January 23, 2008 8:58 AM PST

Exclusive: The next Facebook privacy scandal

Posted by Chris Soghoian

Facebook is no stranger to the complaints of privacy activists. First, it was the site's News Feed feature back in 2006. Most recently, the company's Beacon service drew widespread criticism. This blog post will outline yet another major privacy issue, in which Facebook recklessly exposes user data.

Facebook launched its widely popular application developer program back in May 2007. As of press time, there were more than 14,000 applications. Some, including most of the popular apps, are made by companies, while a few of the popular apps, and a significant number of the long tail of the less popular applications are made by individual developers.

But a new study suggests there may be a bigger problem with the applications. Many are given access to far more personal data than they need to in order to run, including data on users who never even signed up for the application. Not only does Facebook enable this, but it does little to warn users that it is even happening, and of the risk that a rogue application developer can pose.

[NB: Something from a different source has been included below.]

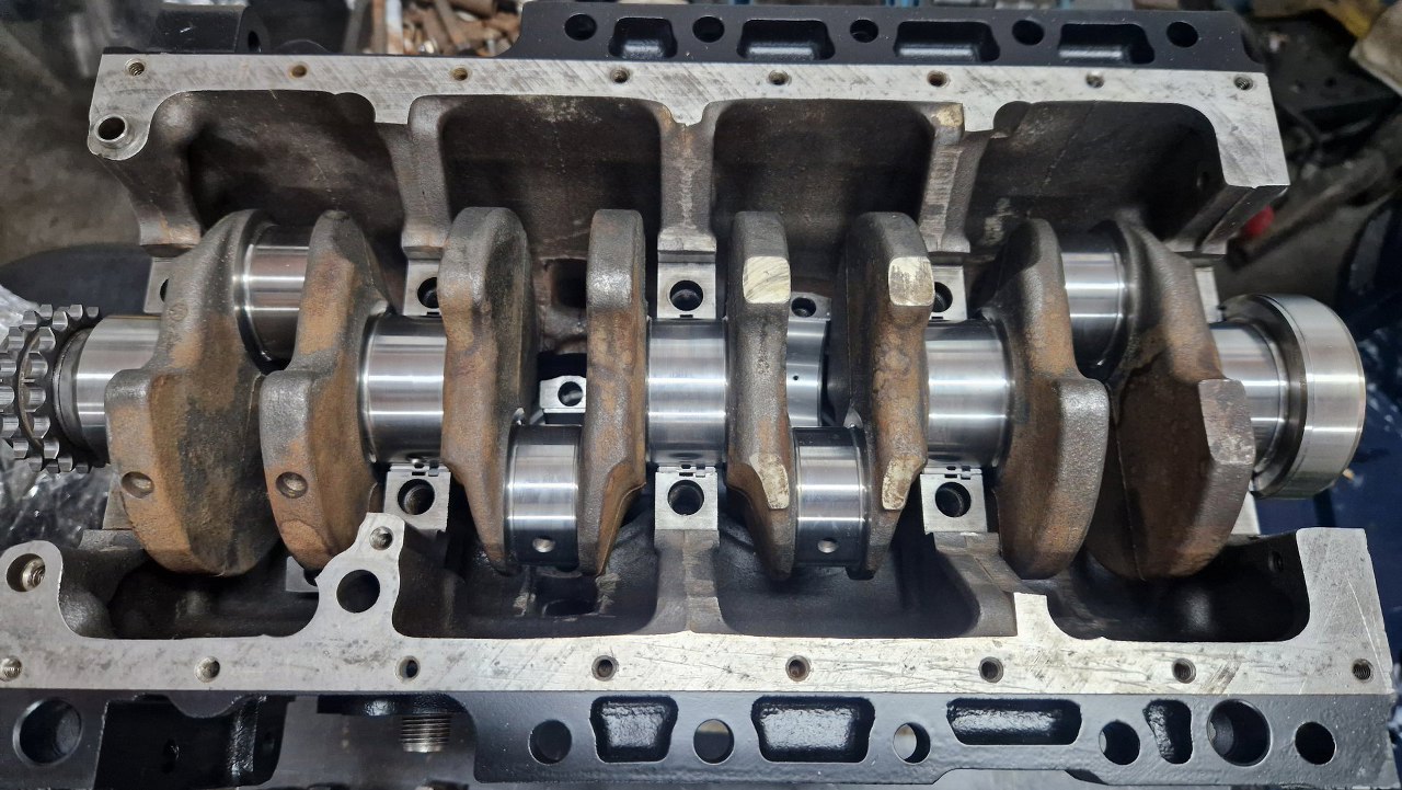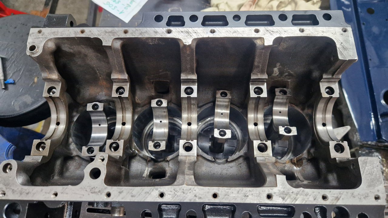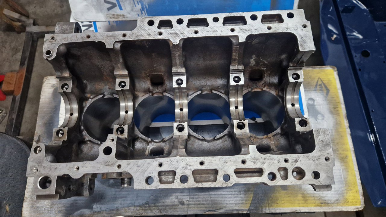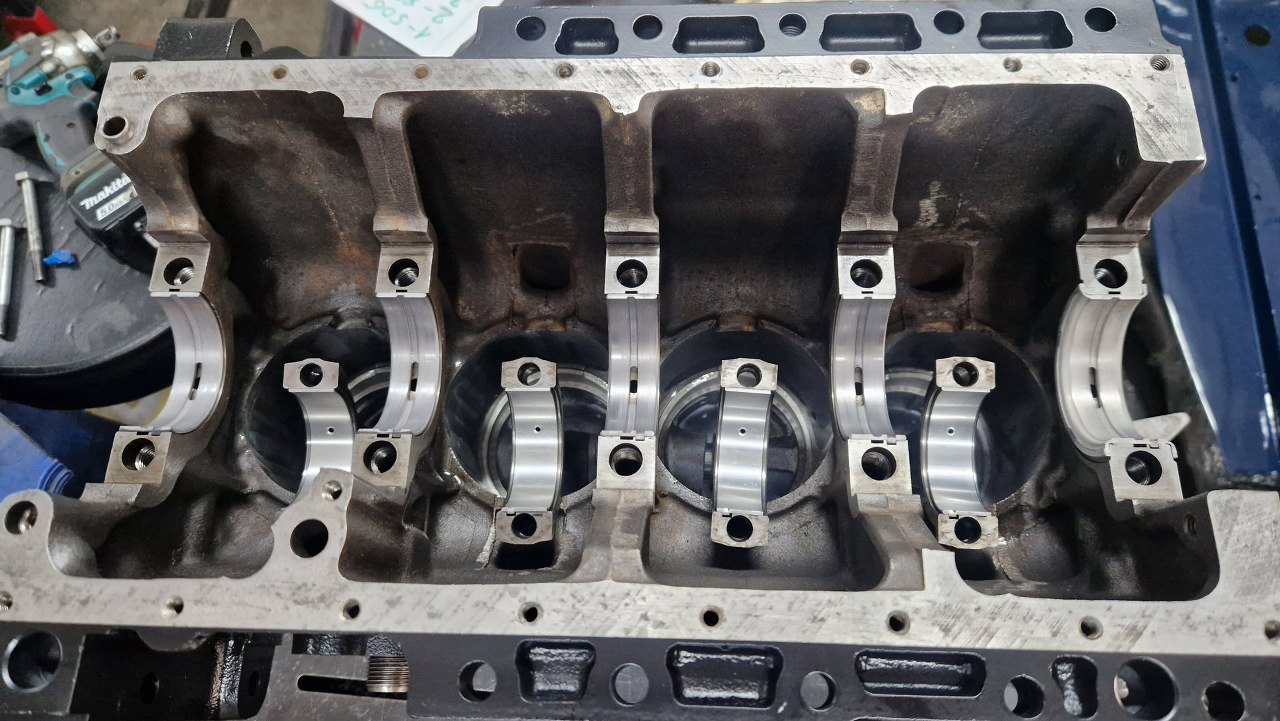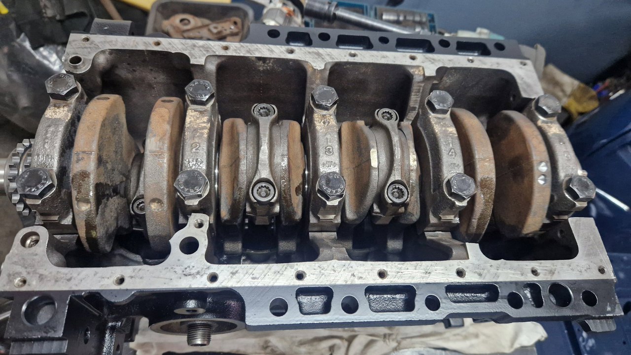 Blok z częściami pojechał do szlifierni. Tu już po powrocie, po szlifie na nadwymiarowe tłoki. W szlifierni się oburzyli na brak panewek korbowych i skombinowali je sami :)

Privacy problems for the user

In order to install an application, a Facebook user must first agree to "allow this application to...know who I am and access my information." Users not willing to permit the application access to all kinds of data from their profile cannot install it onto their Facebook page.

Screenshot of adding an application

(Credit: Facebook)

What kind of information does Facebook give the application developer access to? Practically everything. According to the Application Terms of Service,

"Facebook may...provide developers access to...your name, your profile picture, your gender, your birthday, your hometown location...your current location...your political view, your activities, your interests...your relationship status, your dating interests, your relationship interests, your summer plans, your Facebook user network affiliations, your education history, your work history,...copies of photos in your Facebook Site photo albums...a list of user IDs mapped to your Facebook friends."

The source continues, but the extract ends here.